Наконец он пришел к другой двери — из грубых досок, грубо сколоченных воедино. Он толкнул ее и вышел в свой собственный задний двор. Назавтра поутру он спустился сюда, чтобы посмотреть на этот выход глазами входящего. Однако выход был теперь умело замаскирован, сливаясь частью с какими-то досками, подпиравшими забор, частью с дверцей пролетарского нужника. Рядом, сидя на нескольких кирпичах, приписанные к его дому скорбные сыщики и известного сорта шарманщик играли в chemin de fer;[81] замызганная девятка пик валялась у них в ногах на усыпанной пеплом земле и, одновременно с укусом нетерпеливого желания, он увидел станционный перрон и игральную карту, оживлявшую вместе с кусками апельсиновой кожуры угольный сор между рельсами, под пульмановским вагоном, пока еще ждущим его в слиянии лета и дыма, но через минуту готовым ускользнуть со станции, мимо, мимо, в сказочные туманы невероятных Каролин. И провожая его вдоль темнеющих топей, неотлучно маяча в вечернем эфире, скользя телеграфными проводами, целомудренный, как водный знак на веленевой бумаге, летящий плавно, словно прозрачный клубочек клеток, косо плывущий в истомленных глазах, лимонно-бледный близнец лампиона, сияющего над головой пассажира, будет таинственно странствовать по бирюзовым ландшафтам в окне.

16

Три стула один за другим. Та же идея.

— Что?

— Скотоловка.

Скотоловку изображала доска для китайских шашек, прислоненная к ножкам переднего стула. Задний стул — смотровой вагон.
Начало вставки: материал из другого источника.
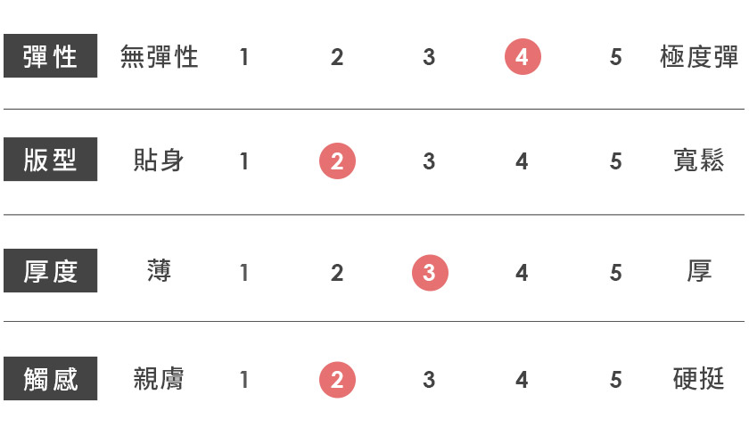 | 觸感 | 親膚 | 1 | 2 | 3 | 4 | 5 | 硬挺 |

— Понятно. А теперь машинисту пора в постель.

— Скорее же, папа. Залазь. Поезд отправляется!

— Послушай, душка —

— Ну пожалуйста. Присядь хоть на минуту.

— Нет, душка, — я же сказал.

— Но ведь на минуту только. Ну папа! Мариэтта не хочет, ты не хочешь. Никто не хочет ехать со мной в моем суперпоезде.

— Не сейчас. Право же, время —

Отправляться в постель, отправляться в школу, — время сна, время обеда, время купания и ни единого разу просто «время»; время вставать, время гулять, время возвращаться домой, время гасить свет, время умирать.

И какая же мука, думал мыслитель Круг, так безумно любить крохотное существо, созданное каким-то таинственным образом (таинственным для нас еще более, чем для самых первых мыслителей в их зеленых оливковых рощах) слияньем двух таинств или, вернее, двух множеств по триллиону таинств в каждом; созданное слияньем, которое одновременно и дело выбора, и дело случая, и дело чистейшего волшебства; созданное упомянутым образом и после отпущенное на волю — накапливать триллионы собственных тайн; проникнутое сознанием — единственной реальностью мира и величайшим его таинством.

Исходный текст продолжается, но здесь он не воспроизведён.